On the other smaller board, there are to-do lists and goals and reminders of things & ideas. There are little tiny pieces of paper with nice, encouraging quotes on them, such as: "Self-criticism inspires shrinkage", and "Just trust yourself, and then you willl know how to live."

On the big board, there is a "project" I am trying to finish. There are black & white photos of my daughter and bits of scribbled words and things crossed out and some empty space. Every day I come here to try to finish. I try to be brave. I try to tell myself nice things, kind things, hopeful things. But mostly, I try to finish.

Starting is scary. But finishing is one of the hardest things.

Sometimes I get afraid that it is too late, I have waited too long, and the time has come & gone. I didn't get on the right boat, and now I will forever be at the dock, watching it sail away. But I try not to listen too much to these things.

As I look up at my bulletin boards, I remember the day I made them. It seems small, but mechanical tasks intimidate me to no end. I've always been terrible at crafts. Mine end up looking like someone in grade 2 made it. They come out mangled and crooked, with glue everywhere. I wanted to make myself a bulletin board, a nice one, with hemp cloth or something. I wanted it to be big. So I took the measurements. Then I went out and bought the supplies, got the board cut by the guy at the back of Home Depot, stood there while the sawdust flew around, coughing. I took it home on the top of my car (it nearly flew off at an intersection) and stapled it all together. With the really good kind of heavy duty staples. And when it was done, I walked over to my fridge and took a quote down and pinned it to my new, huge, handmade bulletin board. It said:

"You must do the thing you think you cannot do." (Eleanor Roosevelt)

So here I am again. I will sit here again tonight for awhile, looking up at my bulletin boards, trying to do the next right thing. Reminding myself that baby steps lead to big places. But all you can focus on, is that next baby step.

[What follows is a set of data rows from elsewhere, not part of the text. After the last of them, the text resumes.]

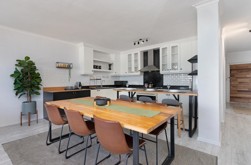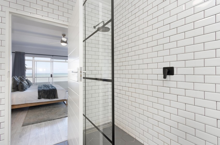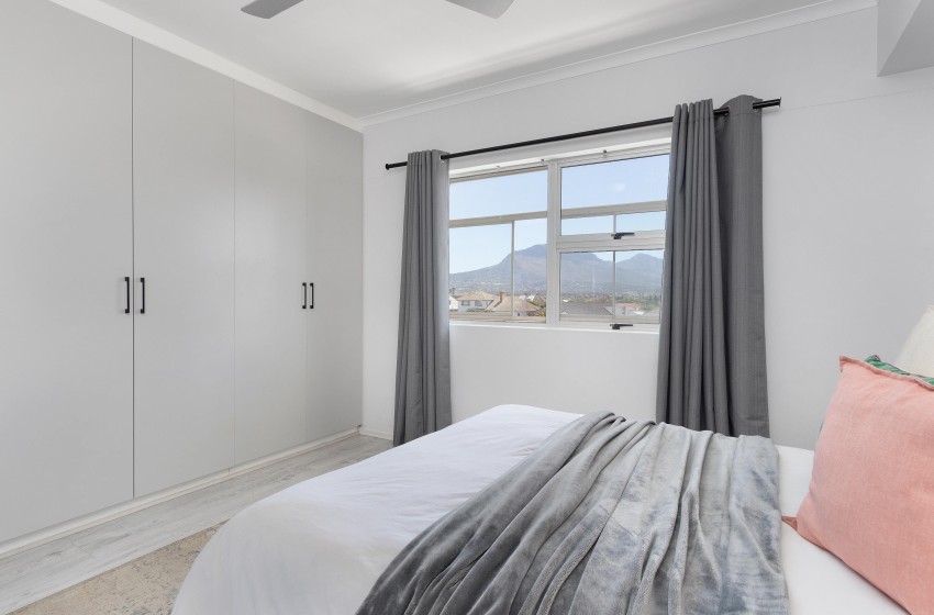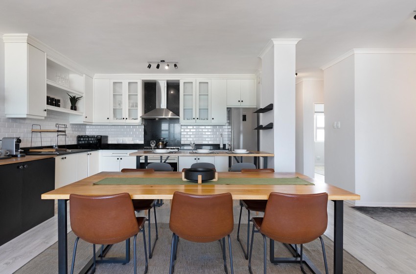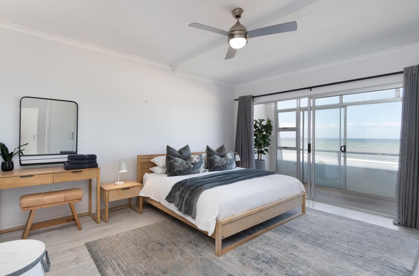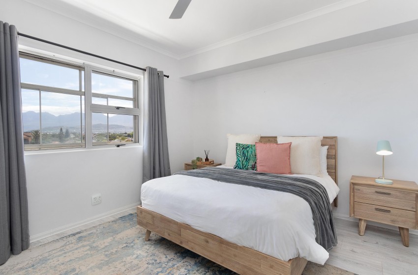 This spacious 130m² apartment features three bedrooms accommodating up to six guests comfortably. The open-plan kitchen, dining, and lounge areas seamlessly flow onto a wide balcony, where large windows frame the mesmerising view of False Bay. The kitchen is fully equipped with SMEG appliances, a coffee machine, a washer and dryer, and all the modern conveniences to enhance your stay.
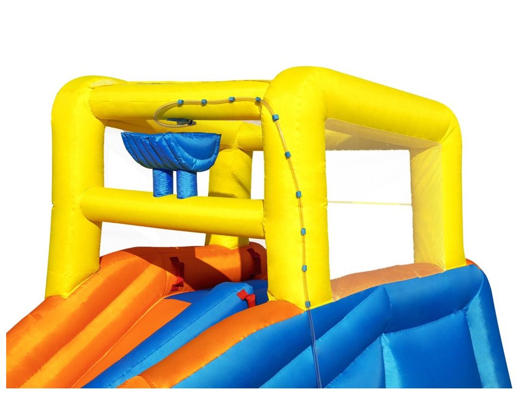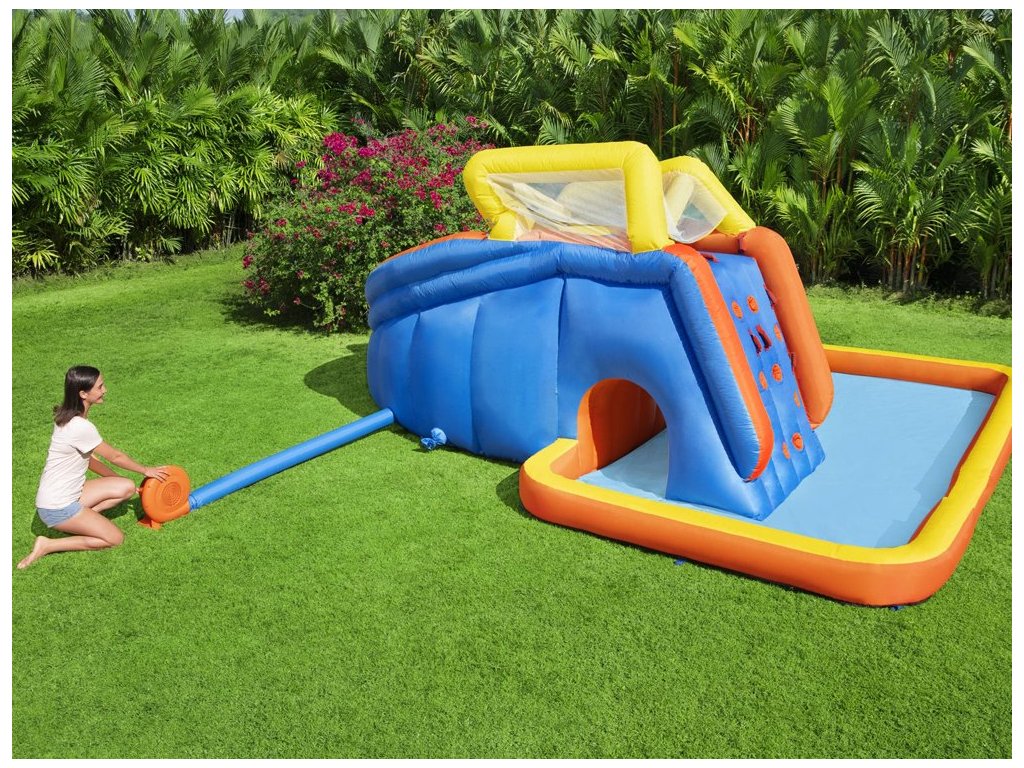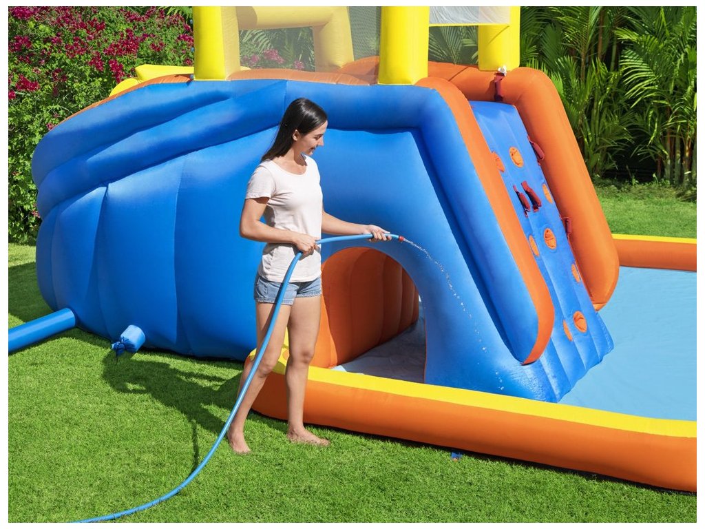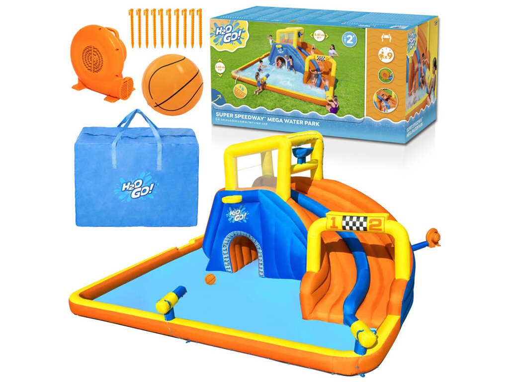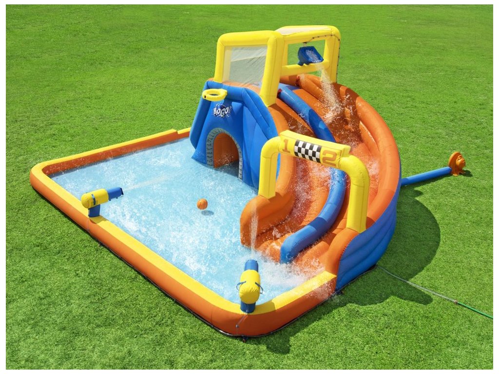 Színes felfújható vízi játszótér H2OGo! A Bestway Super Speedway™ autója órákon át remek szórakozást biztosít a kertben. Minden gyermek szeret a vízben játszani, és a Bestwaynek köszönhetően most saját mini víziparkot alakíthat ki a kertjében. Ez a felfújható vízi park 2 perc alatt felállítható! Csak egy sima felületű kertre van szüksége, és máris indulhat. A gyerekek nagyon örülni fognak, ha sok látnivaló van a ház alatt, versenyeket vagy versenyeket szervezhet a barátokkal, csobbanhat a vízben, mászhat és csúszhat le, kosárlabdázhat és vízágyúkat lőhet, hancúrozhat és hancúrozhat egész nyáron.
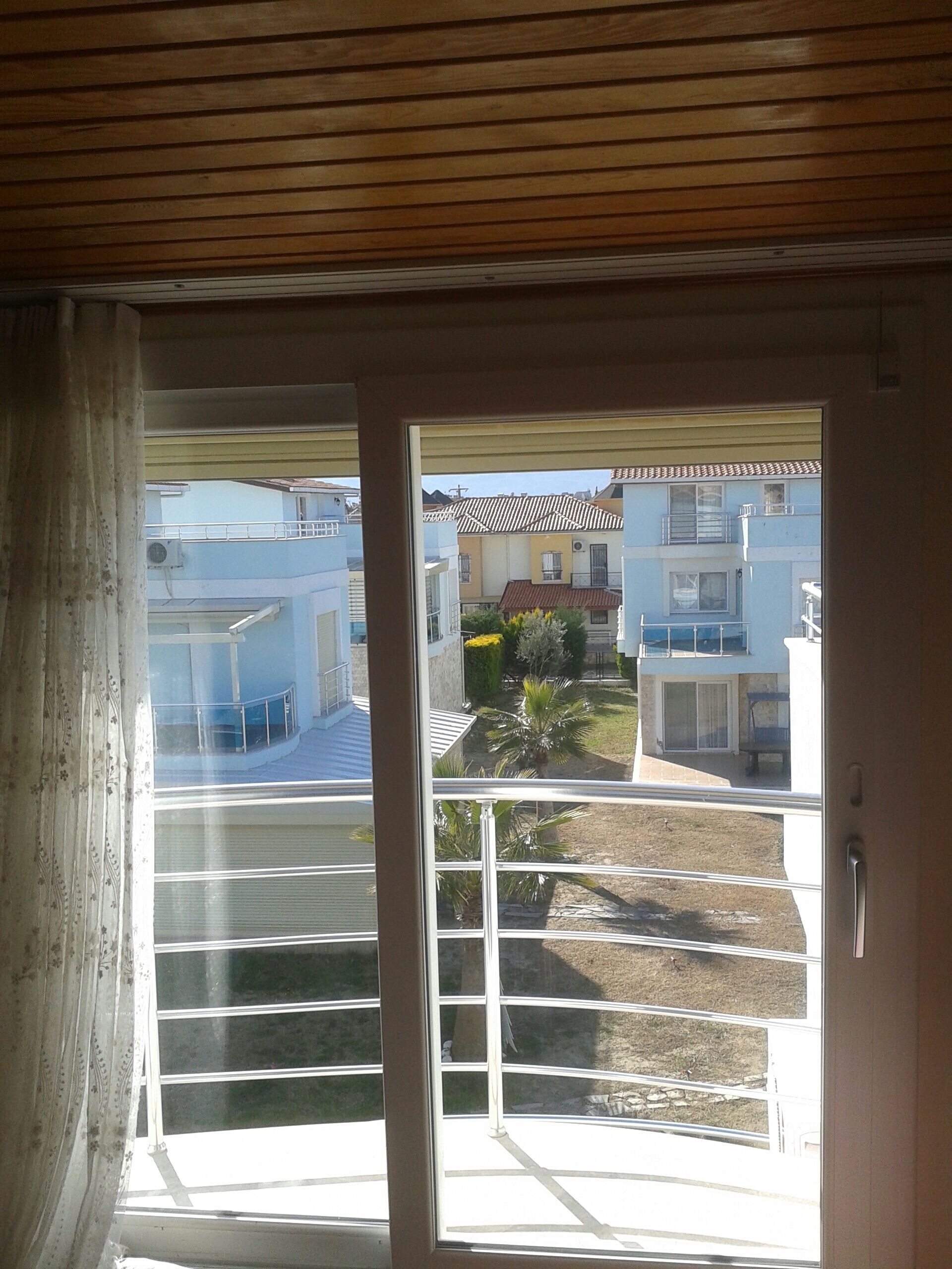 Beautiful Room on the 3rd Floor for Rent in the Summer. A great view of the mountains of Guzelcamli. Corridor with private bathroom and shower.French balcony with large sliding door window and a large balcony with seaview for breakfast on the 3rd Floor.Breakfast included. Towel/Linen changing. Single Bed. Airport Izmir 90km, City Center 12km, Grocery Store Migros 2 Minutes away, small Store in the Site, Cafe/Restaurants close by near the seaside or City Center. Small bus stop infront of the gate to City Center.5 Minutes walk to the seaside.It is a white sandy beach with some rocks.Olympic Open Swimming pool 5 steps from the terrace and garden.
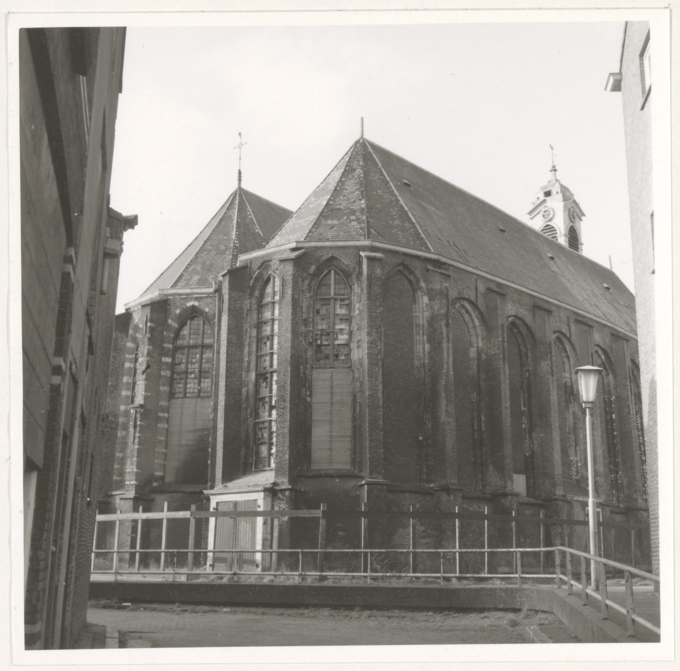 De Nieuwkerk op het Nieuwkerksplein, voor de consolidatie in 1975.
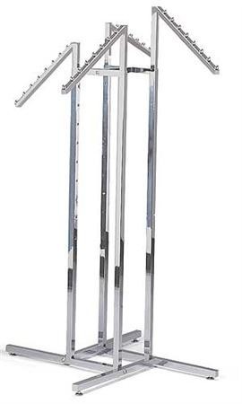 Muestre a sus clientes todos las opciones disponibles de la mercancía con los estantes de la ropa de la inclinación del cromo 4-Way. Estos estantes de la ropa son completamente ajustables, con los botones fáciles, en 3" los incrementos a partir de la 48" a 72" alto. Los cuatro brazos inclinados ofrecen 8 bolas cada uno para asegurarse de que la mercancía permanece en el lugar. El acabado cromado hace juego el diseño de casi cualquier tienda. El estante de 4 maneras es grande para que las exhibiciones de piso centrales presenten todo el nuevo inventario así como todas las opciones asociados a él. También ofrece los casquillos de extremo soldados con autógena y el nivelador ajustable se desliza. Los estantes de la ropa del cromo 4-Way están disponibles para el envío inmediato.
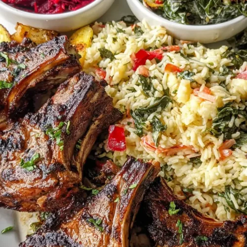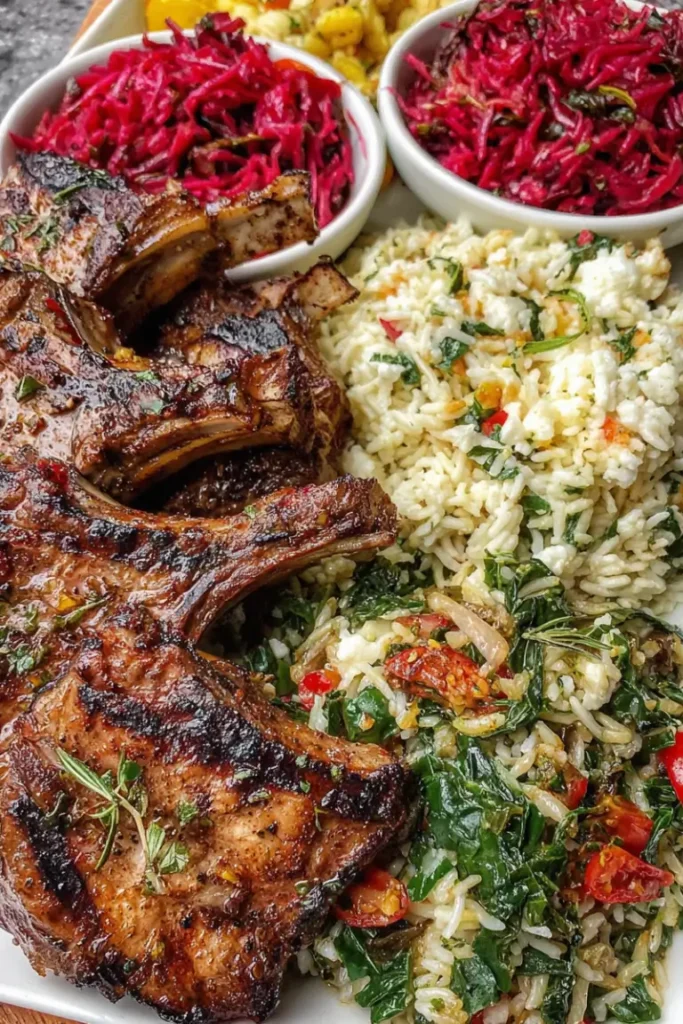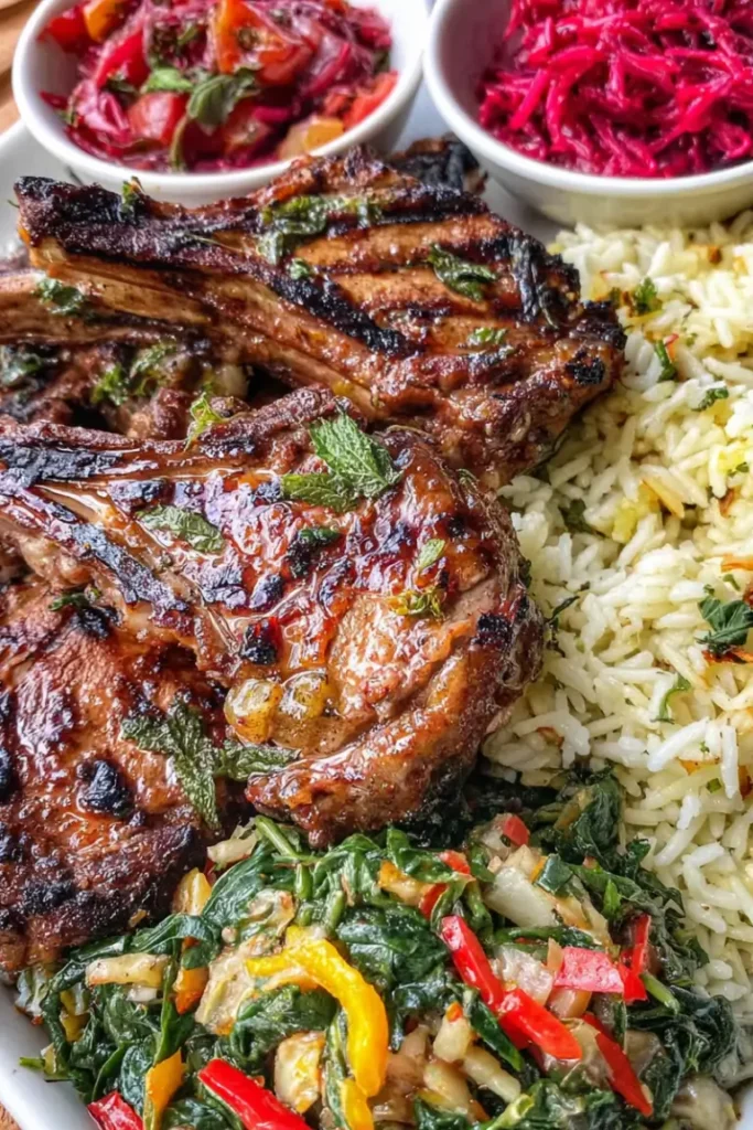 This recipe is a complete meal that feels both comforting and fresh. The lamb chops are marinated in warm spices and grilled to juicy perfection, while the sides add balance and texture.
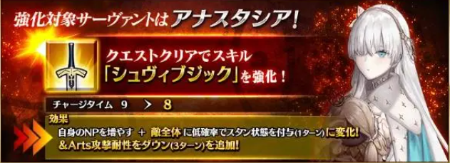 本次皇女强化的是三技能的自充,原本的技能系效果是50NP的自充+1回合60%概率的单体晕眩的效果,强化后将晕眩的效果直接强化到了对敌人全体施加这种效果,但是概率还是60%不变,另外就是敌方全体蓝卡耐性降低30%3t,不过有个好消息,就是这技能的CD减少了1回合。
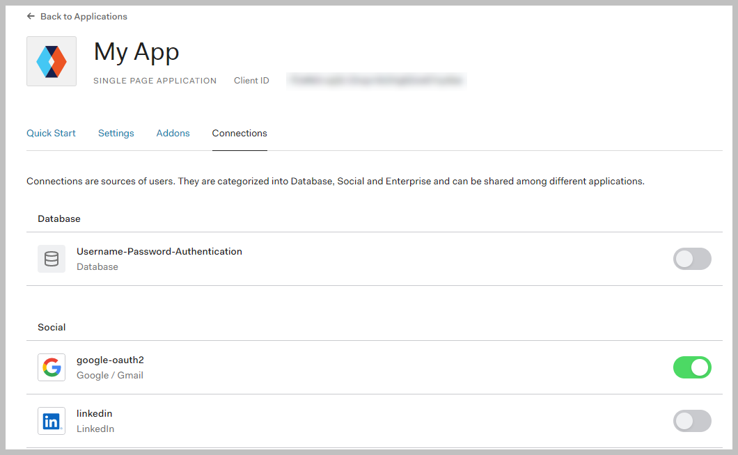 - Social connections. For example, Gmail, LinkedIn, and so on. Follow instructions in Auth0.
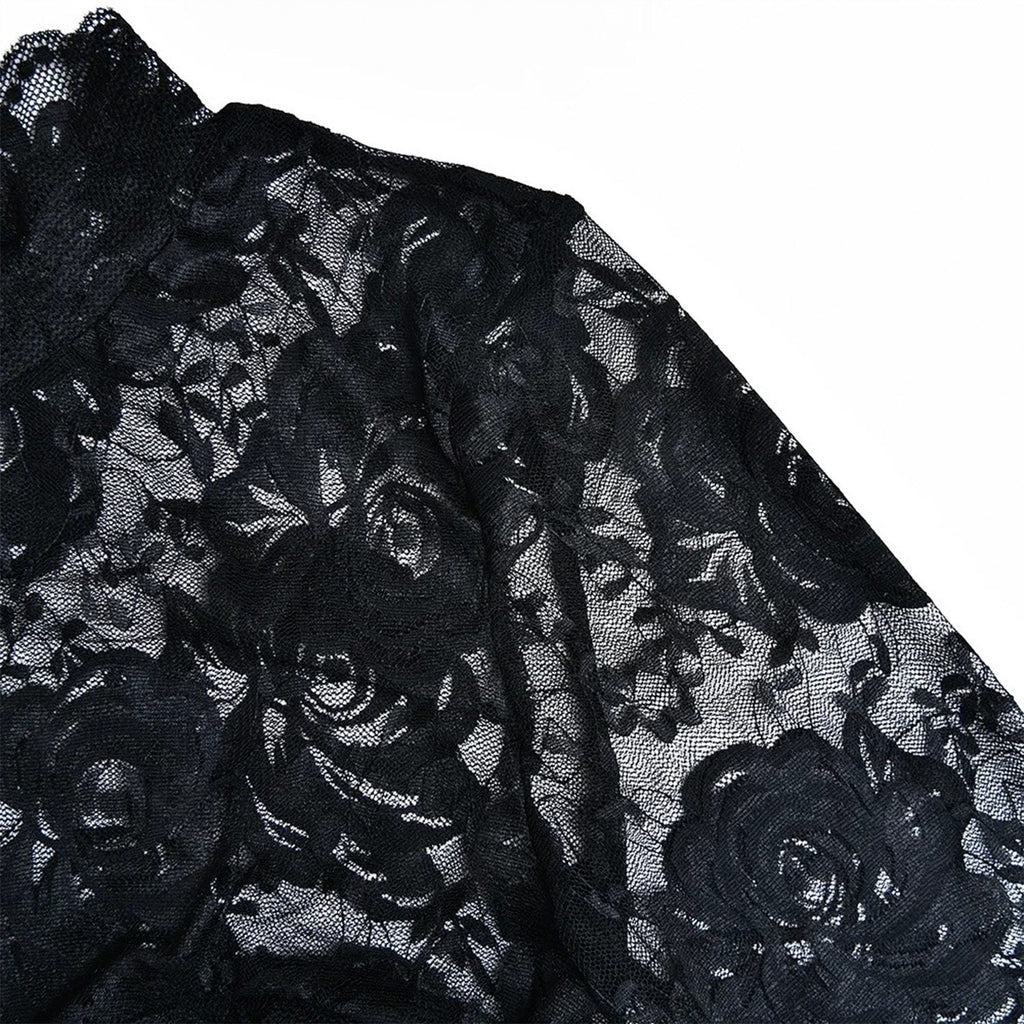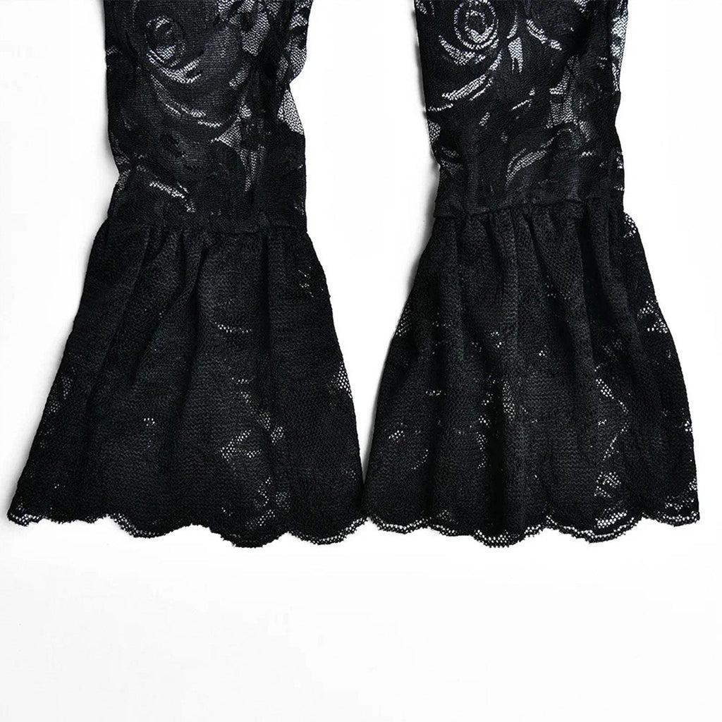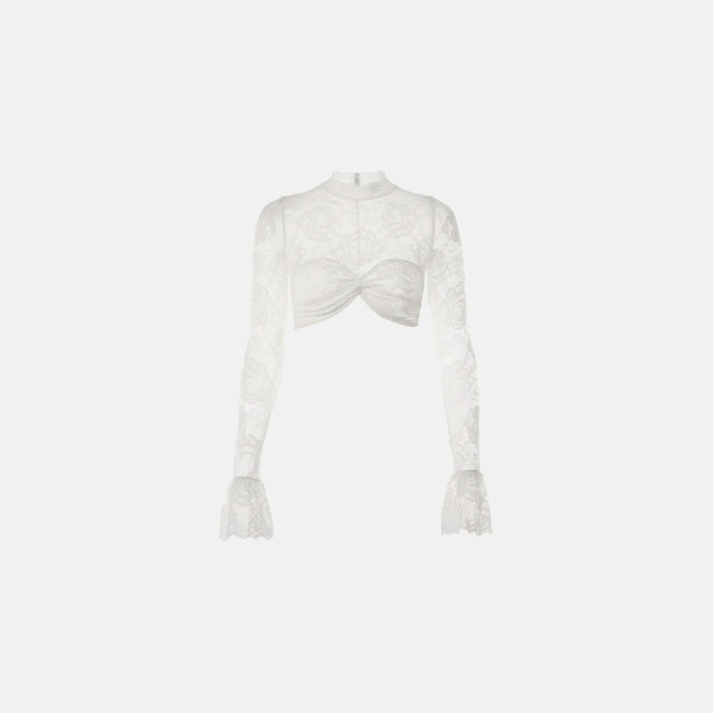 Top cropped de renda floral transparente. Manga longa ajustada com punhos flare em acabamento ondulado. Decote fechado com gola rendada. Recorte frontal torcido estruturado no busto. Fecho posterior discreto.

The one to be made right now, this minute.



Posted: 06/09/01 15:43

On the First Day of September

http://www.kimmcmechan.com/sblog/upload/illustration. leaves.jpg

So it's September now. Already last week I noticed the Poplars down by the water beginning to turn. And although it's still been warm, the nights are getting cooler, sometimes we even have to shut the windows.

It's been one of those summers where sleeves feel strange to wear now after having had bare arms for months on end. It's been long and hot and glorious. Sand in hair and toes and across the floors, dragged in too many times to bother sweeping up some days.

By this time in the prairies, the Dutch Elms along the roads would be turning gold. I remember sitting on my front steps, admiring the bright trees lined up like glowing torches on the boulevards. This year, my house is surrounded by towering Maples, and it occurs to me that I don't know what Maples look like when they change color, so I'm excited to see, excited to walk in all the crunchy brown leaves that will soon be covering the roads. However, I feel a tiny sadness at seeing this lovely summer heading out the door. And although the locals insist I'll still be swimming late into September, it feels different now. It's dark by 8:00 and I won't be able to ride my bike down to the beach to watch the sun go down.

Last week, Michael Peters came and stayed for a few days. Weirdly, he got dropped into town a block down from where I was just beginning to play a show, and he passed by, heard my voice, and came in. I happened to have my electric guitar plugged in beside my (playing acoustic) so he joined me for the evening. What are the chances? Gawd, it was good to play with someone else... I really think my thoughts of quitting have more to do with the aloneness I feel than anything else... He taught me some stuff and we showed each other our songs. He made us some yummy chick pea wraps with cumin. Mmm. Mmm.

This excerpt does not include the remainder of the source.